Personal information
- Born: December 14, 1983 (age 42) Petersburg, Virginia, U.S.
- Listed height: 6 ft 4 in (1.93 m)
- Listed weight: 305 lb (138 kg)

Career information
- High school: Westlake (Waldorf, Maryland)
- College: Maryland (2001–2003)
- NFL draft: 2004 (3rd round, 71st overall pick)

Career history

Playing
- Tennessee Titans (2004–2007); Miami Dolphins (2008–2014); Cleveland Browns (2015);

Coaching
- Henry E. Lackey HS (MD) (2020) Assistant coach; Manassas Park HS (VA) (2021) Head coach; LaGrange (2022) Defensive line coach; Loughborough College (2023) Defensive line coach; Eureka (2024–2025) Head coach;

Awards and highlights
- 2× Pro Bowl (2010, 2012); First-team All-ACC (2003); Second-team All-ACC (2002);

Career NFL statistics
- Total tackles: 422
- Sacks: 42
- Forced fumbles: 2
- Fumble recoveries: 10
- Interceptions: 4
- Stats at Pro Football Reference

Head coaching record
- Career: College: 2–18 (.100) High school: 0–10 (.000)

= Randy Starks =

American football player and coach (born 1983)

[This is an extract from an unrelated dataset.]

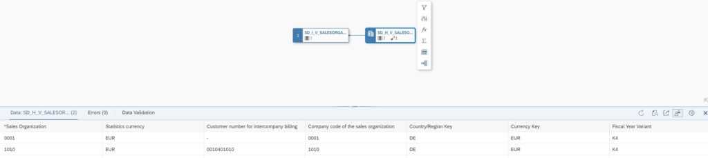 If you compare that to the content of the (unprotected) view shown earlier, and here once again for comparison, you will notice that the two Sales Organizations FOBP & FORP are not shown in the protected view (because they were not part of the .csv we uploaded).

Randolph Starks Jr. (born December 14, 1983) is an American college football coach and former player. He was most recently the head football coach for Eureka College, a position he held from 2024 through 2025. Starks played professionally as a defensive end for 12 seasons, from 2004 to 2015, in the National Football League (NFL) with the Tennessee Titans, Miami Dolphins, and Cleveland Browns. He played college football for the Maryland Terrapins. Starks was selected by the Titans in the third round of the 2004 NFL draft.

==Early life==
An army brat, Starks spent the first five years of his life in Germany because his father, Randolph Sr., was stationed there with the United States Army. He was eventually re-deployed to Fort Belvoir in Virginia.

Starks attended Westlake High School in Waldorf, Maryland, where he was a letterman in football, basketball and track. In football, he was an honorable mention all-state selection as a junior defensive tackle after recording 67 tackles, six sacks and two forced fumbles. He was a SuperPrep All-American as a senior with 77 tackles, seven sacks and two forced fumbles. He also played offensive tackle during his final two seasons at Westlake. Starks finished his prep career with 194 tackles while ranking third in school history in sacks.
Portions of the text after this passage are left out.